When a reporter asked how the defendant is paying for her two lawyers, Axelrod replied, "None of your business."

Albregts then added, "Other than to say with entirely lawful means."

Axelrod said that Tallchief has been living in a "loving family relationship" for several years and that her fiance will care for her son while she resolves her criminal case.

Tallchief said she dropped her son off at his school in Amsterdam on Monday.

"I told him to practice his guitar, have fun at his sporting club, do his homework, and I'll see you soon," she said.

Axelrod described his client as a "soccer mom" who lived a normal life under an assumed identity.

"There is no meaningful possibility that she would have been apprehended," the lawyer said. "Her identity was well-hidden from the world."

Albregts said Tallchief has worked for the past few years as a maid in a small 17th-century hotel in Amsterdam.

He said she has family in Buffalo, N.Y., but has had no contact with her relatives since she fled with Solis.

Albregts said Tallchief chose to surrender because she believed that her son "was old enough to understand but to forgive." She also needed to regain her true identity to marry her fiance, the lawyer said.

Axelrod said Tallchief was referred to him because of his experience representing Americans arrested in Europe. She first contacted him in March.

Albregts said the lawyers notified an assistant U.S. attorney 10 minutes before Tallchief surrendered.

Chief Deputy U.S. Marshal Fidencio Rivera said his office had received no warning.

"It was a surprise," he said. "We had no idea this was happening."

He said those involved in her arrest said she was courteous and gave the impression that "she was resigned to move on with this whole ordeal."

David Schrom, a spokesman for the FBI's Las Vegas office, said news of Tallchief's surrender also came as a surprise to those in his agency.

"Obviously, we're very happy to have solved another case here," he said.

Schrom characterized Tallchief and Solis as two of the Las Vegas office's most-wanted fugitives.

After her court appearance Thursday afternoon, Tallchief was taken to the Las Vegas Detention Center.

She faces nine felony charges: bank larceny, conspiracy, making a false statement in application for a passport, interstate transportation of stolen property, flight to avoid prosecution, bank fraud, use of a firearm during a crime of violence, possession of false identification documents and embezzlement.

The stolen armored van was found two weeks after the theft in a garage at 708 S. First St.
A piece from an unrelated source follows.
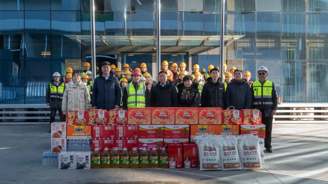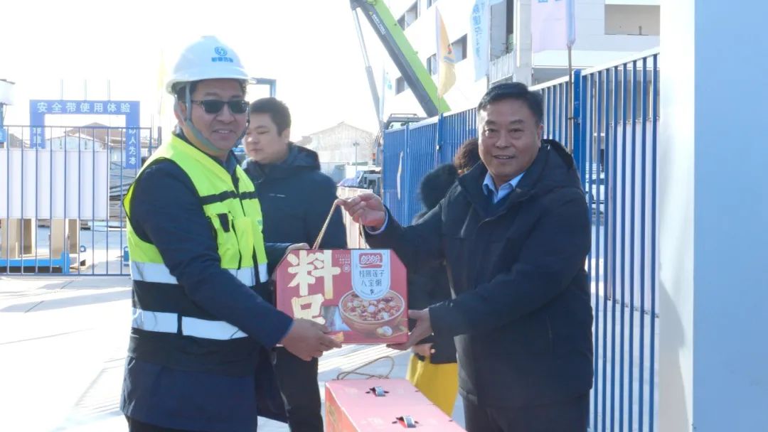 集團(tuán)公司黨委副書記、總經(jīng)理賈永紅前往春節(jié)期間“三不?!表?xiàng)目5G?數(shù)字化應(yīng)用基地、進(jìn)出口加工貿(mào)易產(chǎn)業(yè)園B區(qū)項(xiàng)目現(xiàn)場(chǎng),向奮戰(zhàn)在施工一線的參建者們致以誠(chéng)摯的問候,并發(fā)放了精心準(zhǔn)備的御寒物資、春節(jié)慰問品,叮囑大家注意防寒保暖和施工安全,祝福大家身體健康、工作順利。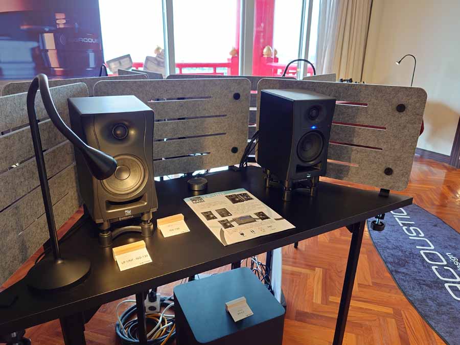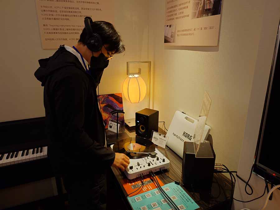 This room wasn’t for “sit back and listen”; it was for “roll up your sleeves and make some noise.” KORG took over the space with musicians and creators in mind. There was a Handytraxx 1bit and play portable turntable-recorder spinning vinyl on one side, a digital piano from the Poetry lined up for a quick play, and a corner full of Fosi Audio desktop amps feeding studio monitors and headphones for laptop-based production. It felt more like a small project studio, which is surprisingly rare at shows. It was delightful to see some younger enthusiasts jumping in to try some mixing.

It was abandoned with a .357 Magnum revolver, a notebook and about $3,100 in small bills.

Authorities said Tallchief, a Seneca Indian, and Solis, a native of Nicaragua, fled Las Vegas in a chartered plane to Denver and were disguised as elderly people, with Tallchief using a wheelchair.

Bogus passports intended for the couple were confiscated in Miami with their photos and the names of Nicole Marie Reger and Joseph Anthony Panura, authorities said.

Mark Clark, spokesman for Loomis Armored successor Loomis, Fargo & Co. of Houston, said he welcomed Tallchief's surrender but said the company wants the missing money.

"I don't suppose she turned the money in when she turned herself in," Clark said Thursday.

 
 


Heather Tallchief

 

Tallchief heads to the Las Vegas Detention Center on September 14, 2005.